California law is quite good, going back even before Motus v. Pfizer, Inc., 358 F.3d 659 (9th Cir. 2004), on there being no duty – or no causation – where plaintiffs demand that physicians be warned about things they already know:
[The prescriber] knew of the risk of malignancies associated with 6–MP and Humira, but still prescribed the medication. Thus, there is insufficient evidence to create a material dispute of fact as to whether the warnings that Plaintiffs contend should have been given would have changed [the decedent’s] treatment.

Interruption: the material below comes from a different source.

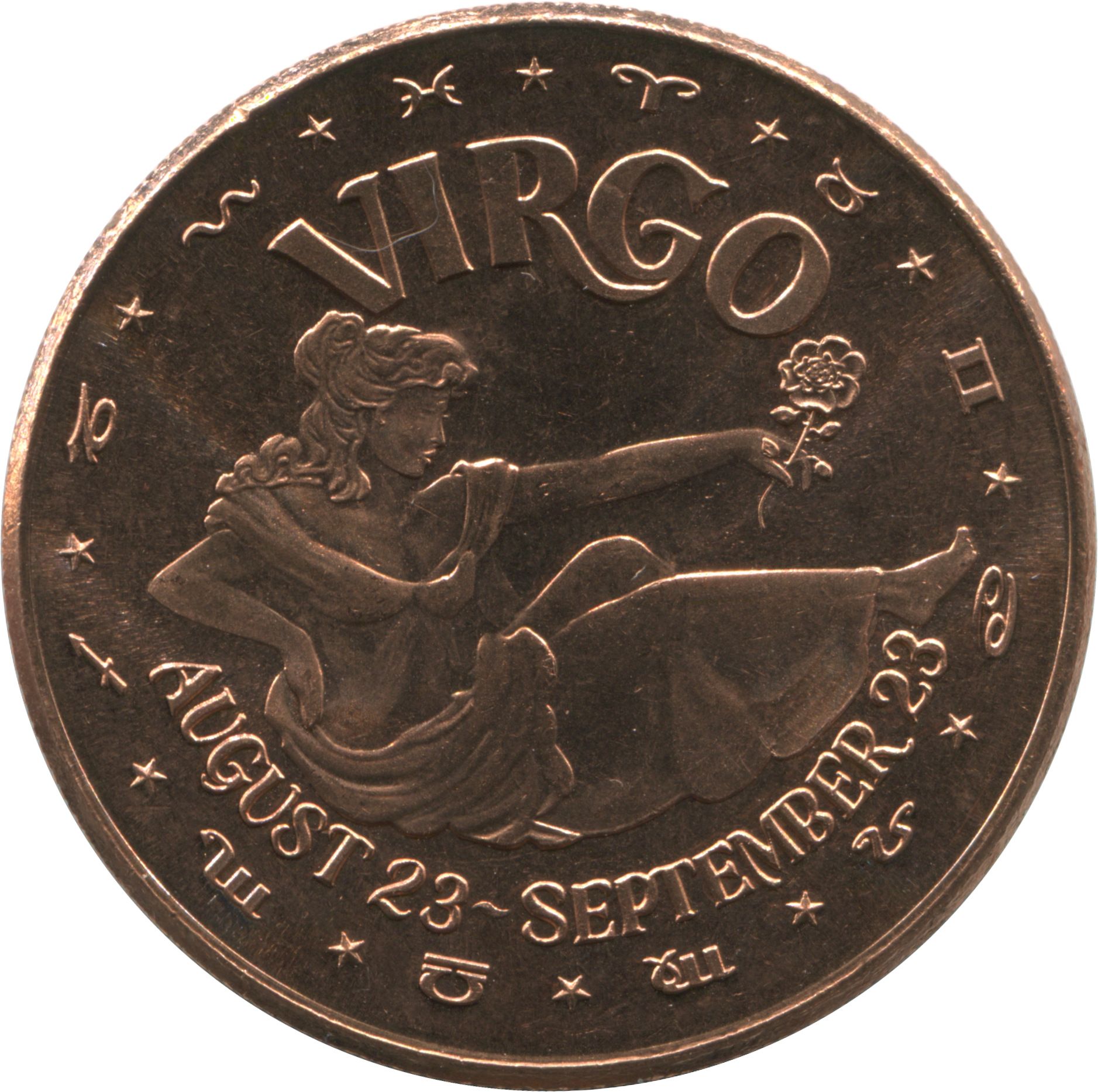 Опис: У центрі зображена сидяча жінка, яка тримає квітку, а по краю — західні астрологічні/зодіакальні символи та зірки.

Then it gets really interesting. Plaintiffs love to claim than any post-injury change in prescribing habits means that the same change could have been induced earlier had only there been adequate warnings. But rarely is there any real proof of this. In Wendell the court required some supporting evidence, and when none was forthcoming, pitched the claim:
Nor is there evidence that a warning specific to pediatric patients or specific to treatments combining 6-MP with TNF-blockers would have led [the prescriber] to stop prescribing 6-MP alone or in combination. . . . Contrary to [plaintiffs’] contention, evidence that [he] ceased prescribing TNF-blockers in combination with 6–MP after [the decedent’s injury] does not prove that he would have changed his prescription practices based on the warning they suggest. A warning about rare occurrences . . . associated with therapy combining 6-MP and Remicade is bound to have less persuasive power than an instance of the disease affecting a doctor’s own patient follow[ing] that therapy.
As to Humira, given the timing of the first prescription, the causation fight was won for these reasons:
- As with 6-MP, a mere subsequent change in prescribing habits, with no additional affirmative evidence, did not mean that it would have happened earlier had there been different warnings. Id.
- The “better safety profile” wasn’t linked to black box warnings, or to cancer risk at all, but to a 100% human origin product having fewer allergenic risks – a major concern with an autoimmune patient. Id. at *8.
- With the prescriber already knowing about the risk, there’s no evidence that the different state of warnings (black box versus no black box) played any part in the prescription decisions. Id.
- Since the prescriber had prescribed other drugs with cancer risks, whether or not the prescriber believed that Humira had that risk was not by itself causal. Id.
- The plaintiff parents’ self-serving statements that they would never have allowed the treatment had they been warned, was immaterial, since the decedent was an adult and made his own treatment decisions. Id.
In states like California, where the basic law concerning learned intermediary causation is well established, collecting analogous fact patterns where causation is defeated as a matter of law is the name of the game. Wendell has some good ones.